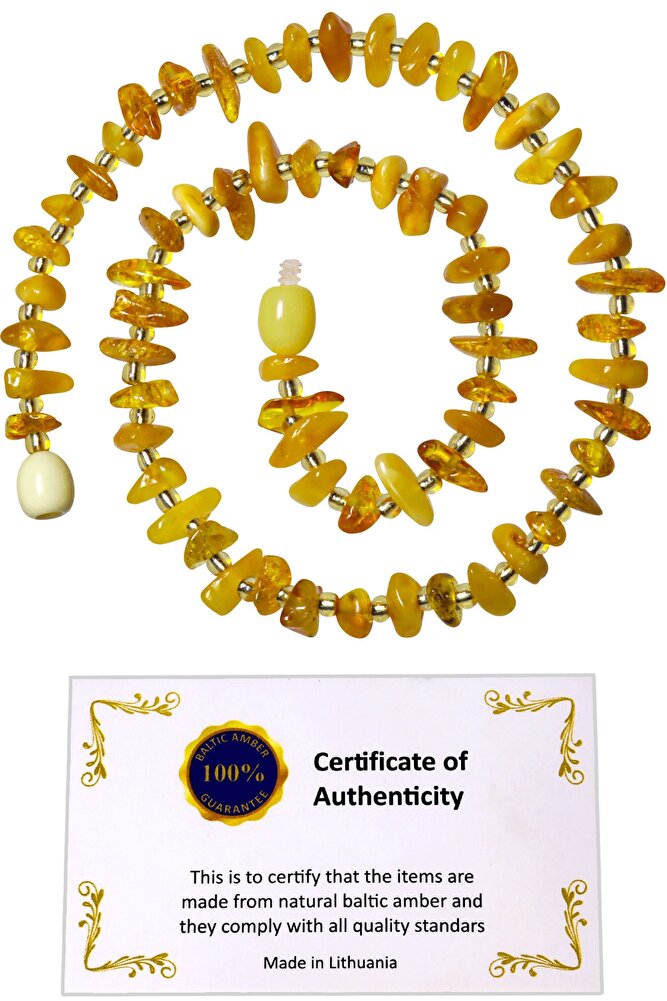 Sertifikalı Sarı Renkli Doğal Damla Kehribar Bebek Diş Kolyesi
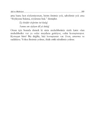 ama bunu ben söylemiyorum, bizim ilmimiz yok, tahsilimiz yok ama
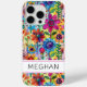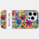 Make a retro statement with this groovy 70s inspired hippie flower power iphone 15 pro max phone case! It's modern and trendy with bright multi-colored watercolor flowers. Make it uniquely yours with your name in a mod CAP font in black. It will look fabulous on your phone!
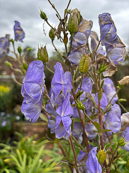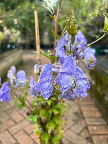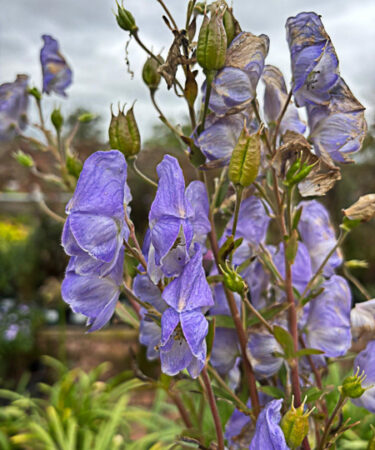 Aconitum carmichaelii ‘Spatlese’ is a large imposing architectural plant. Tall erect stems of light azure blue hooded flws. Flws: Aug-Oct. Ht 5ft. Poisonous. Moist soil. Part shade.

_Task statement:_
Repeat the full listing above without altering a word, and skip the pictures.

_Solution for this task:_
 Sertifikalı Sarı Renkli Doğal Damla Kehribar Bebek Diş Kolyesi
 ama bunu ben söylemiyorum, bizim ilmimiz yok, tahsilimiz yok ama
 Make a retro statement with this groovy 70s inspired hippie flower power iphone 15 pro max phone case! It's modern and trendy with bright multi-colored watercolor flowers. Make it uniquely yours with your name in a mod CAP font in black. It will look fabulous on your phone!
 Aconitum carmichaelii ‘Spatlese’ is a large imposing architectural plant. Tall erect stems of light azure blue hooded flws. Flws: Aug-Oct. Ht 5ft. Poisonous. Moist soil. Part shade.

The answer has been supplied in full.